Directions for this task
Below is a listing; transcribe it exactly but without any images.
_____
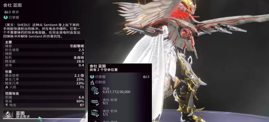 如果觉得刷起来太费时间,也可以考虑和其他玩家交易。舍杜的四个部件都能交易,用游戏内的白金就能买到。不过白金得通过正规渠道充值获得,别想着走捷径。万一不小心把蓝图卖了,还能去中枢Simaris那里花10万声望重新买回来。共生使是铁制装甲,用腐蚀伤害打它效果更好。
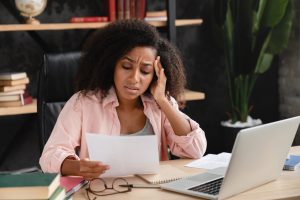 Migraine headache. Sad exhausted depressed tired woman reading document with debt loan mortgage
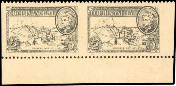 1949 2a Chinese Nets lower right corner horizontal pair, imperforate vertically, slightly streaky o.g., very lightly hinged. RPS Certificate (1982), ex Barber. SG 117a, £800
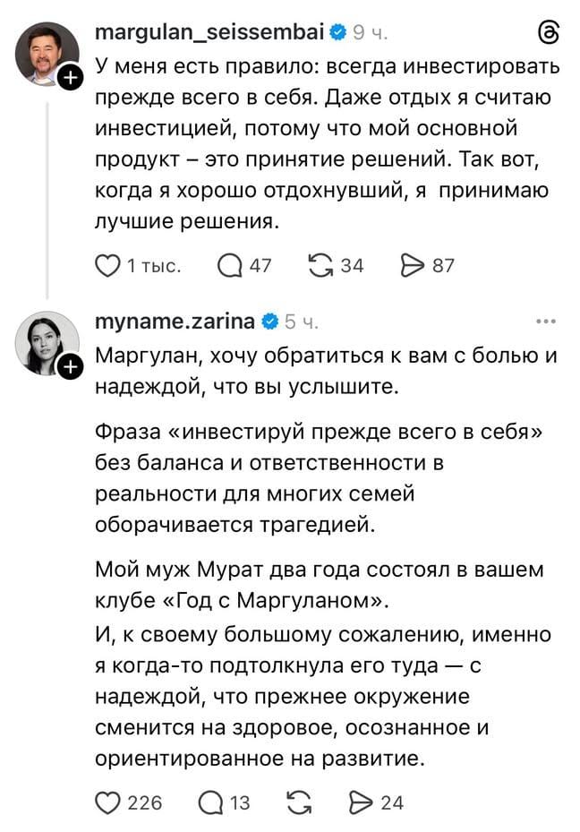 Казахстанка рассказала в Threads, как её муж увлёкся бизнесом и оставил семью после курсов известного казахстанского коуча Маргулана Сейсенбая, передает ИА «NewTimes.kz».
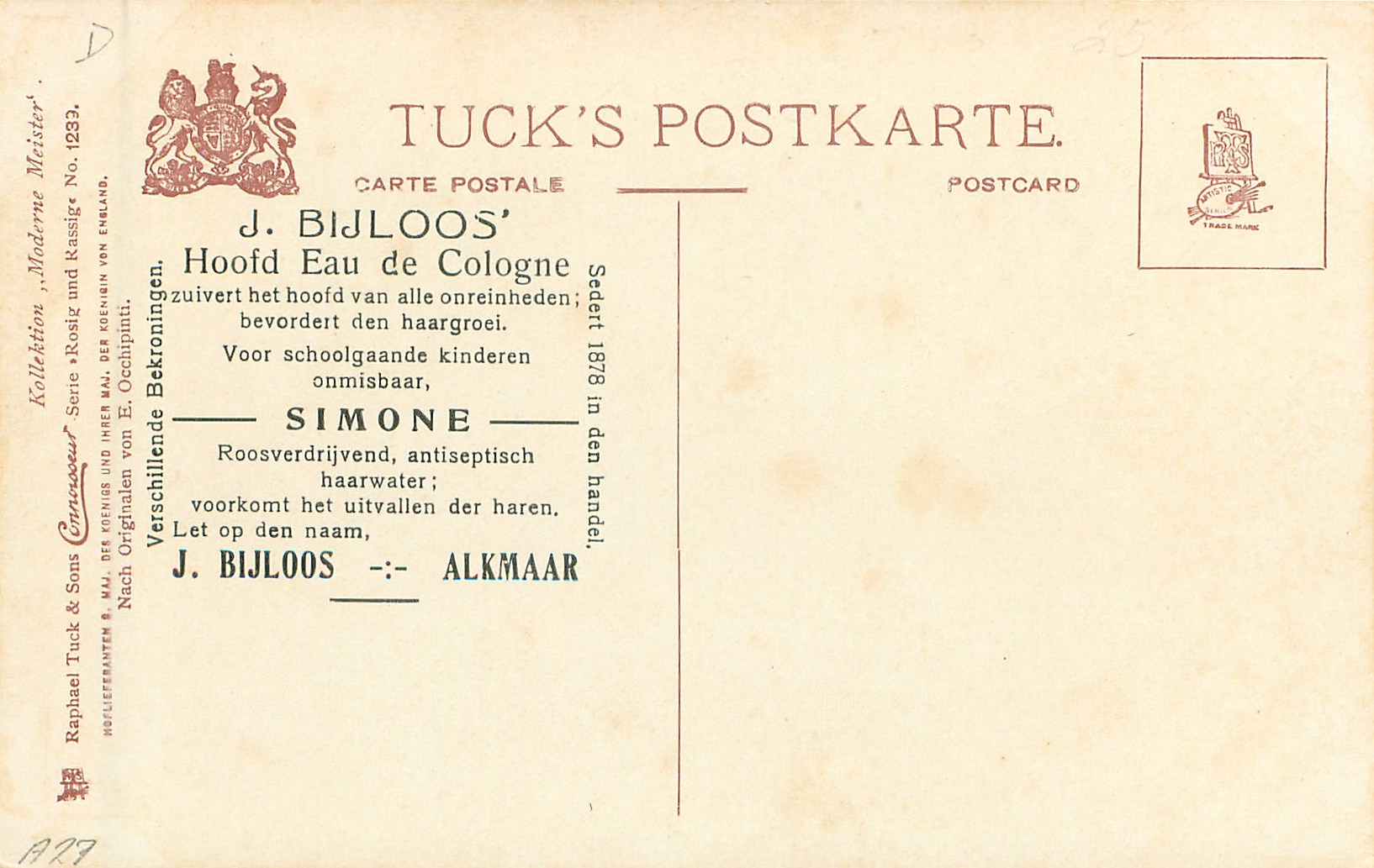 CONNOISSEUR with OILETTE (on front), NACH ORIGINALEN VON E. OCCHIPINTI., come with J. BIJLOOS' HOOFD EAU DE COLOGNE//ALKMAAR ad on back
_____
Answer space
 如果觉得刷起来太费时间,也可以考虑和其他玩家交易。舍杜的四个部件都能交易,用游戏内的白金就能买到。不过白金得通过正规渠道充值获得,别想着走捷径。万一不小心把蓝图卖了,还能去中枢Simaris那里花10万声望重新买回来。共生使是铁制装甲,用腐蚀伤害打它效果更好。
 Migraine headache. Sad exhausted depressed tired woman reading document with debt loan mortgage
 1949 2a Chinese Nets lower right corner horizontal pair, imperforate vertically, slightly streaky o.g., very lightly hinged. RPS Certificate (1982), ex Barber. SG 117a, £800
 Казахстанка рассказала в Threads, как её муж увлёкся бизнесом и оставил семью после курсов известного казахстанского коуча Маргулана Сейсенбая, передает ИА «NewTimes.kz».
 CONNOISSEUR with OILETTE (on front), NACH ORIGINALEN VON E. OCCHIPINTI., come with J. BIJLOOS' HOOFD EAU DE COLOGNE//ALKMAAR ad on back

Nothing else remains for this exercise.